▸ DIRECTIONS
With the pictures left out, restate exactly the part below that opens with the line containing "4. FRONT: Steering wheel - condition" and closes with the line containing "The FIAT in 2022".

▸ DATASET EXCERPTS
* * *
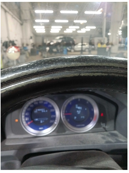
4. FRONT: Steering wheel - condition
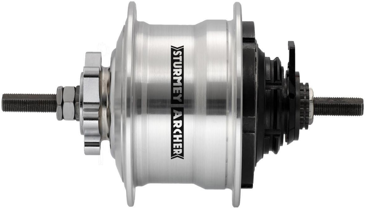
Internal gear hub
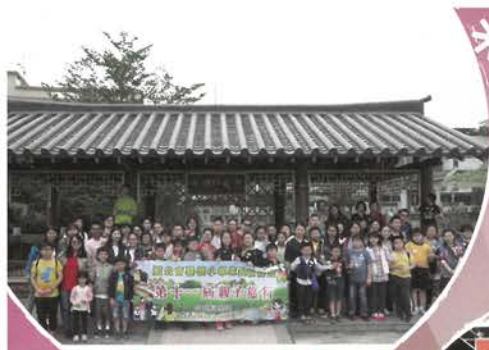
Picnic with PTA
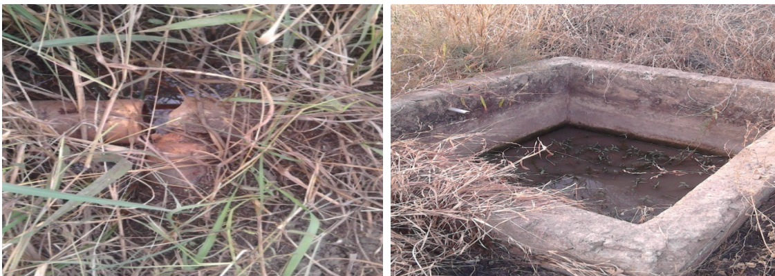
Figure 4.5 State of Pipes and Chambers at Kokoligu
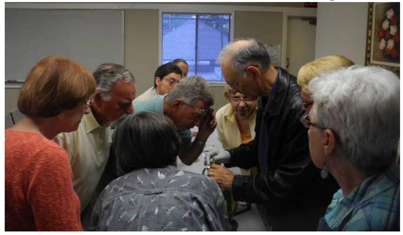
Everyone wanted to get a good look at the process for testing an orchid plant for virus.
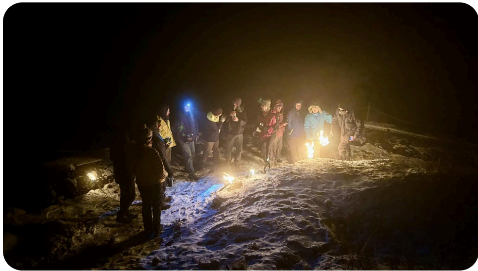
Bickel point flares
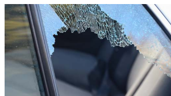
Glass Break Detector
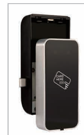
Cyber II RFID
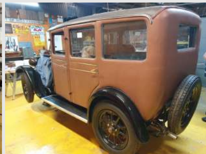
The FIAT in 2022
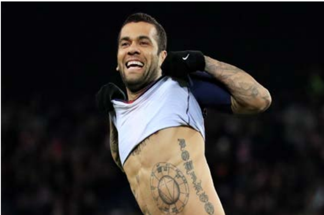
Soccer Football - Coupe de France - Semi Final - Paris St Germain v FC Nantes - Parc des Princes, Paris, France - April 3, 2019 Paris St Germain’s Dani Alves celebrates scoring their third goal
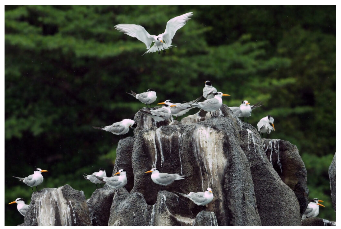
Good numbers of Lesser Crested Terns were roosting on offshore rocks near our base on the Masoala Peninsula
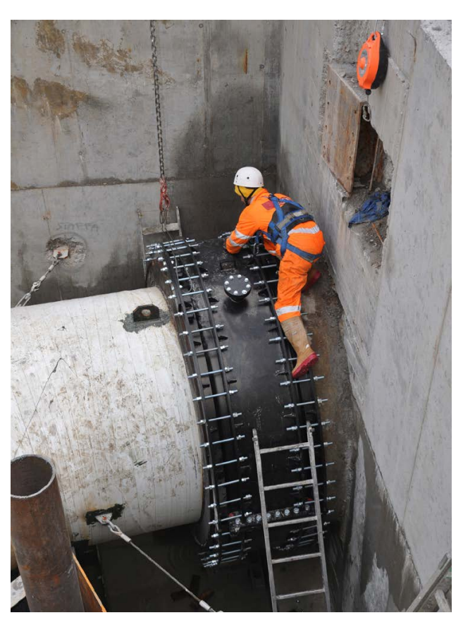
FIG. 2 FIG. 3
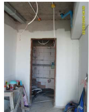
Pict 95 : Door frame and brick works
* * *
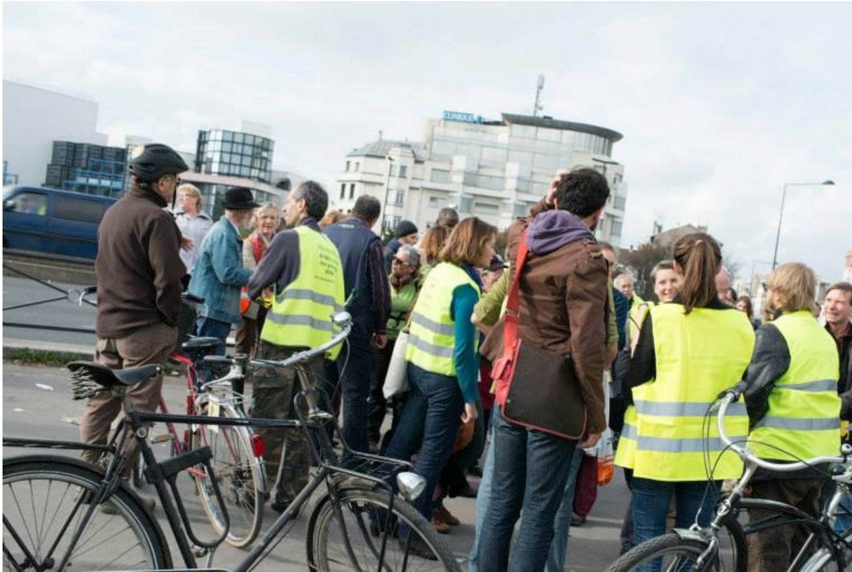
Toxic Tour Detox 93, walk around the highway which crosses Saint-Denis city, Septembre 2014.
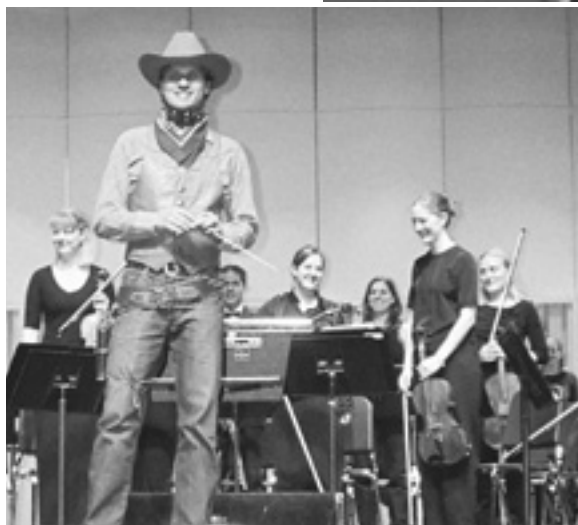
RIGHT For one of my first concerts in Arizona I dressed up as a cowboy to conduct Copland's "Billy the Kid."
* * *
▸ FINISHED TASK
4. FRONT: Steering wheel - condition
Internal gear hub
Picnic with PTA
Figure 4.5 State of Pipes and Chambers at Kokoligu
Everyone wanted to get a good look at the process for testing an orchid plant for virus.
Bickel point flares
Glass Break Detector
Cyber II RFID
The FIAT in 2022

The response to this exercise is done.